İhlâsı kazanmak çok mühimdir.
Bir zerre ihlâslı amel, batmanlarla hâlis olmayana müreccahtır.”[4]
Bu hakikatleri hatırlatıyor.
Bu denge, yalnızca bir vazife değil, insan olmanın, insâniyeti yitirmemiş olmanın en temel göstergesidir hürmet, merhamet ve şefkât.
Çünkü bize hayatın bahşedilmesine vesile olan, âdetâ bizim için kendilerini paralayan ve hayatlarını bize adayan o mübarek insanlara karşı "Öf!" bile dememek, Allah’ın Kitab-ı Kerim'indeki kesin emridir.[5]
Onların yaşlılığında hizmet etmek, vicdanımızla yapacağımız bir alışveriş değil, bize verilen hayat hediyesine karşı sunduğumuz minnetin ve şükrün en somut ifâdesidir.
Aklımızı başımıza alalım! Eğer biz şefkâtlerinin karşılığı olan hürmet görevini yerine getirmezsek, hayatın değişmez kaidesi olan "El-cezâü min cinsil amel" (Karşılık, yapılan işin cinsindendir) sırrıyla, gelecekte kendi evlatlarımızdan da aynı muameleyi göreceğiz.
Eğer ahiretimizi ve dünya huzurumuzu seviyorsak, evimizdeki o bereket direklerine, o rahmet vesilelerine yani peder ve validelerimize hizmet edelim, rızâlarını tahsil edelim. Zîrâ en yüce haYanındakikate en yüce hukuk ile karşılık vermek, en bahtiyar insanların yoludur.
İnsan hayatının ahırı olan yaşlılık, fıtrîdir, kaçınılmaz bir gerçektir.
Hz. Ali (KS) atfedilen “gençlik ilkbahar gibidir, yaşlılık ise kışa benzer, öyle bir kış ki arkasından bahar gelmez.”[6]

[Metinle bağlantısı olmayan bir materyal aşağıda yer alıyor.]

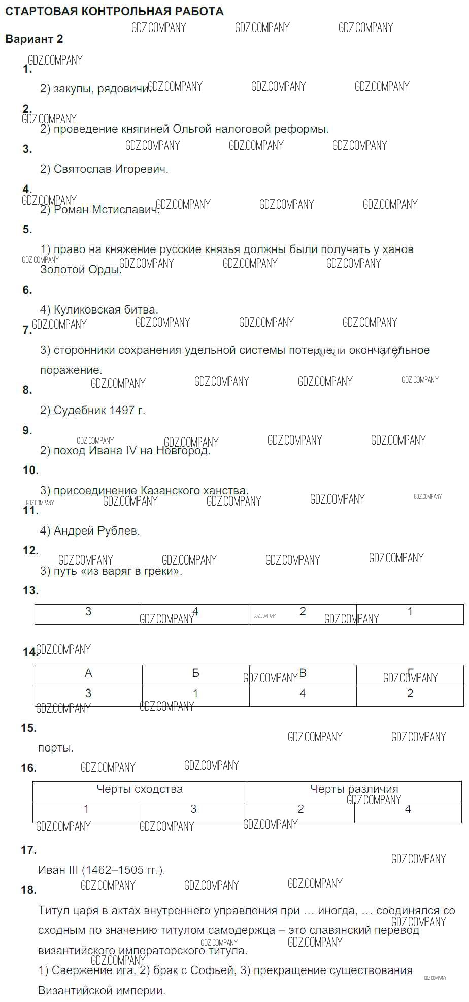 Здесь готовые ответы по Истории за 7 (седьмой) класс от Акиньшина, Артасов Рабочая тетрадь (издательство: Национальное образование от 2013 г.) № Вариант 2

İnsanoğlu ister istemez yaşlanır. Yaşlanmamaya çare yoktur. Dün bizler büyüklerimize muhtaçtık, bugün belki onlar da bize muhtaçlar. Yarın biz ise çocuklarımıza muhtaç olacağız. Unutmayalım ki, büyüklerimizi kaybettiğimiz zaman bir daha bulamayacağımız nimetlerimizden mahrum kalırız. Kaybetmeden kıymetlerini bilelim. Bugünün küçüğü yarının büyüğü olacaktır.

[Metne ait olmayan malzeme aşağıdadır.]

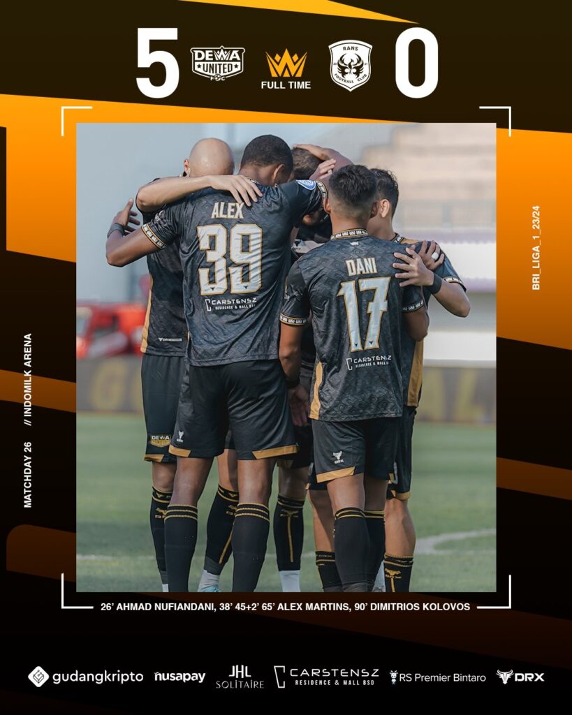 Jakarta – Dewa United pesta gol ke gawang RANS Nusantara dan memperpanjang catatan tanpa kekalahan menjadi enam laga di Stadion Indomilk Arena. Dewa United sukses meraih kemenangan telak 5-0. Kemenangan itu mengangkat posisi Dewa United ke peringkat ketujuh klasemen selepas mengoleksi 35 poin. Sedangkan RANS tertahan di posisi kesepuluh dengan nilai 33.

Bu hususta bazı Âyet-i Kerime’nin ve Hadîs-i Şeriflerin meâlen zikredelim.
"... anne ve babası ihtiyarlamalarına rağmen, onları râzı etmediğinden dolayı cennete giremeyen kimsenin burnu yerde sürtülsün..."[7]
“Cennet annelerin ayakları altındadır."[8]
“Biz insana, anasına ve babasına itaati de tavsiye ettik. Anası onu zayıflık üstüne zayıflıkla taşıdı. Onun sütten ayrılması da iki yıl içindedir. (Biz insana): 'Bana, anne ve babana şükret.' diye de tavsiye ettik. Dönüş, ancak banadır.” [9]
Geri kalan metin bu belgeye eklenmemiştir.